_AVAILABLE RECORDS_.
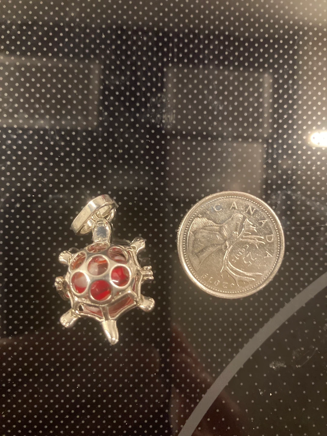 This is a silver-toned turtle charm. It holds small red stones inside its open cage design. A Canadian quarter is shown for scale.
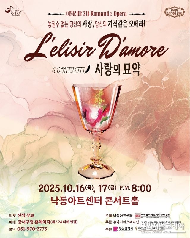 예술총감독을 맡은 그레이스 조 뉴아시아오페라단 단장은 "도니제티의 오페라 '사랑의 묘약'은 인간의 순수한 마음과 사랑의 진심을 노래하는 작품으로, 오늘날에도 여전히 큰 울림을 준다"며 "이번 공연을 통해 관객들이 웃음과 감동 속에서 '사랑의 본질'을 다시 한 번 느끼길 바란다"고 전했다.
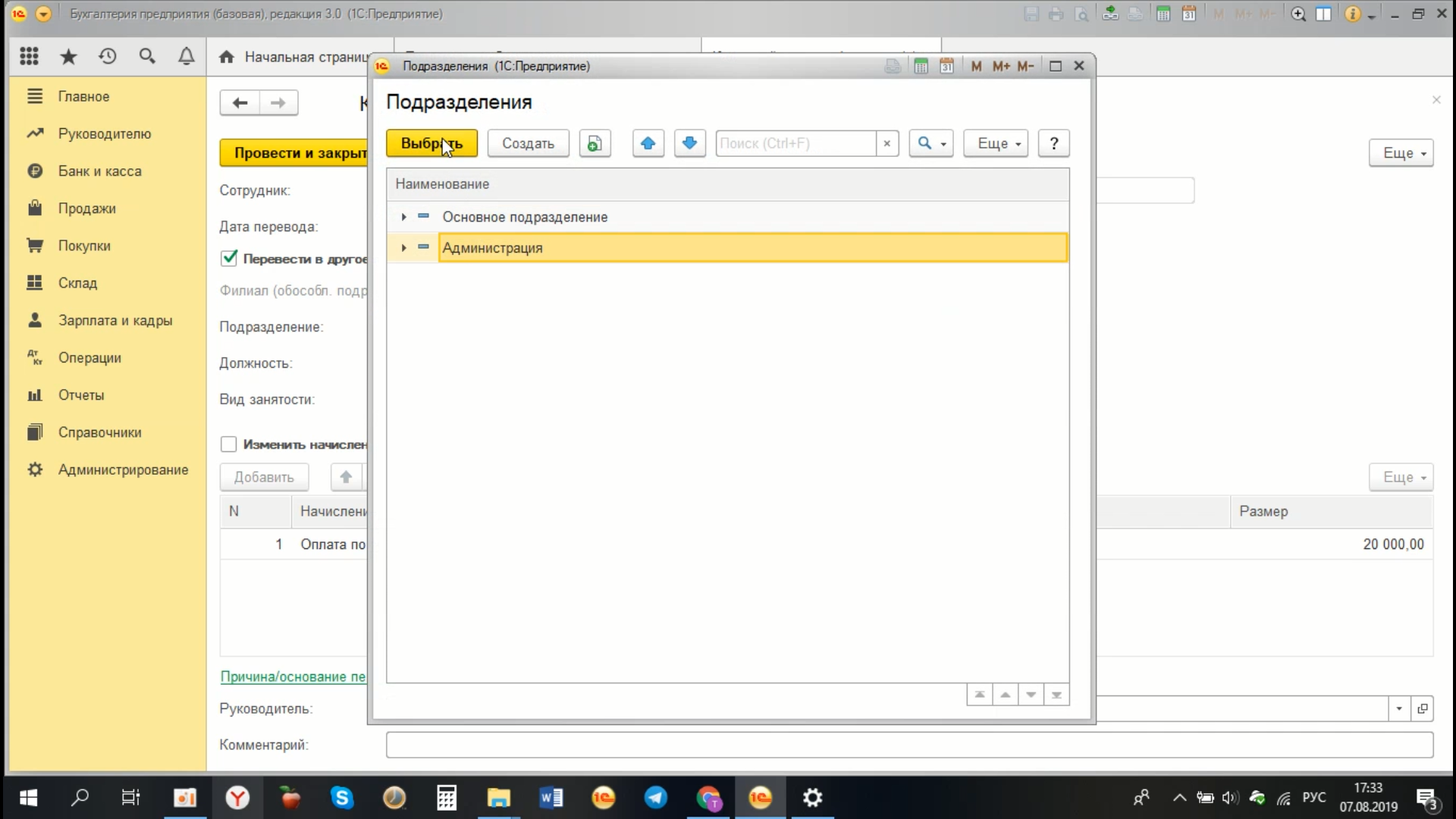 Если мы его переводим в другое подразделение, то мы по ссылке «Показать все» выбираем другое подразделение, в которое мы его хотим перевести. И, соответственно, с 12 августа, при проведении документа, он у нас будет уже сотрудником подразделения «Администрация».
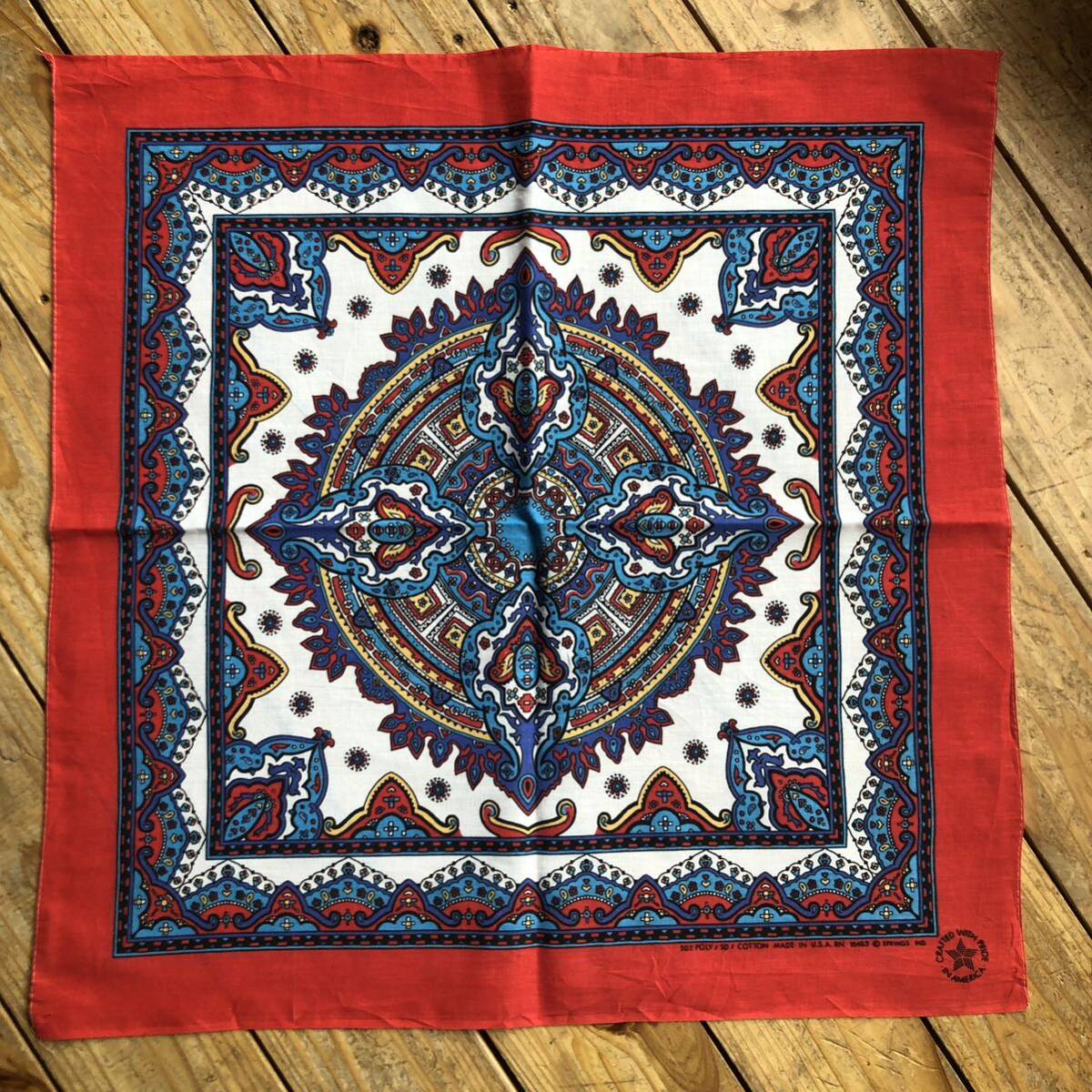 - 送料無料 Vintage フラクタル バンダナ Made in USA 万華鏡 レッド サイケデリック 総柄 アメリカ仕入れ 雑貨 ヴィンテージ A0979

...

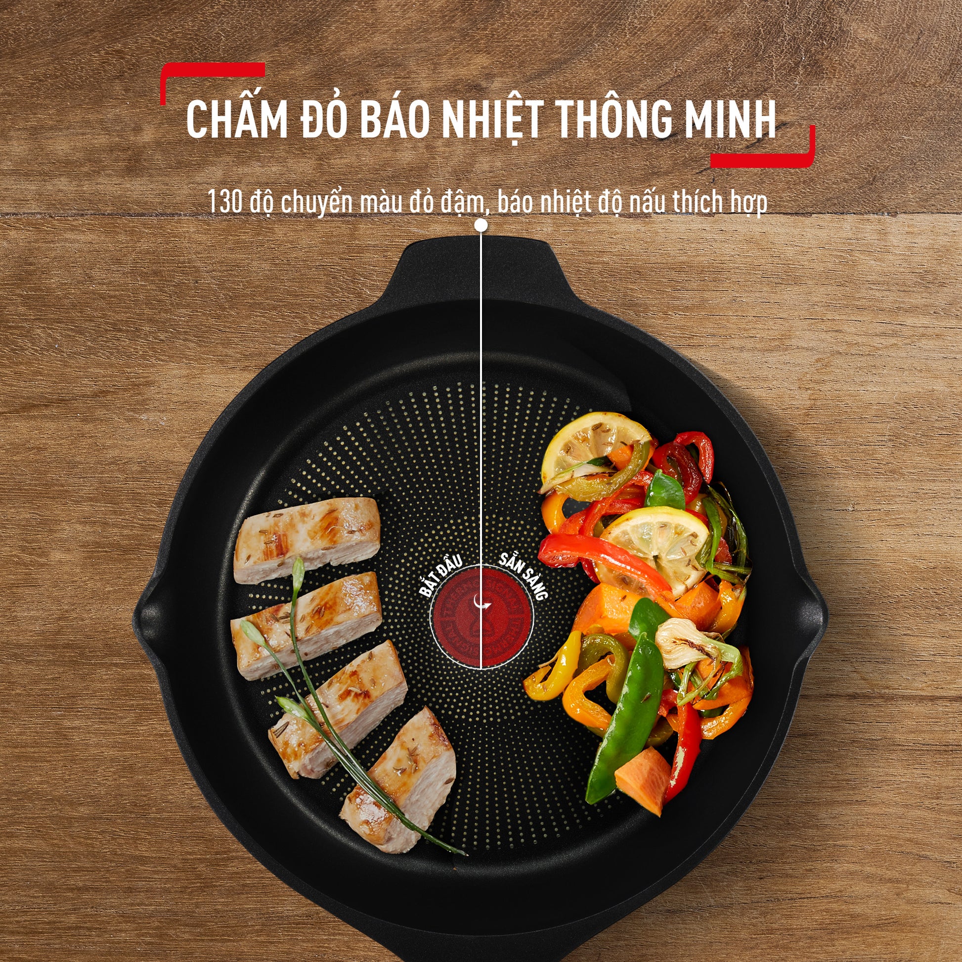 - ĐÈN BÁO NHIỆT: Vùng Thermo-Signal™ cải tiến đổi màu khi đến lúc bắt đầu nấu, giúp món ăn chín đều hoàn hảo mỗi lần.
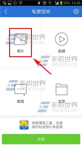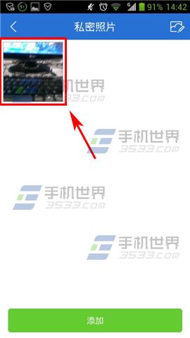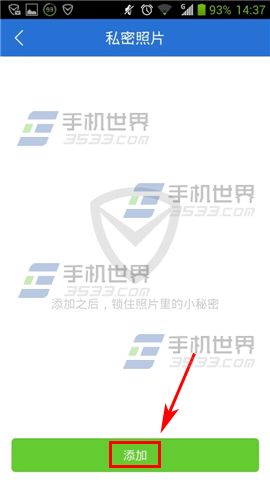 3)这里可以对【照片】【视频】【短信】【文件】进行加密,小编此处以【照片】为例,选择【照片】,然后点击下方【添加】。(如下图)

_AIM OF THE EXERCISE_. Print exactly the lines above that run from the one with "This is a silver-toned" down to the one with "예술총감독을 맡은 그레이스", and omit the pictures.

_REPLY TO THE TASK_.
 This is a silver-toned turtle charm. It holds small red stones inside its open cage design. A Canadian quarter is shown for scale.
 예술총감독을 맡은 그레이스 조 뉴아시아오페라단 단장은 "도니제티의 오페라 '사랑의 묘약'은 인간의 순수한 마음과 사랑의 진심을 노래하는 작품으로, 오늘날에도 여전히 큰 울림을 준다"며 "이번 공연을 통해 관객들이 웃음과 감동 속에서 '사랑의 본질'을 다시 한 번 느끼길 바란다"고 전했다.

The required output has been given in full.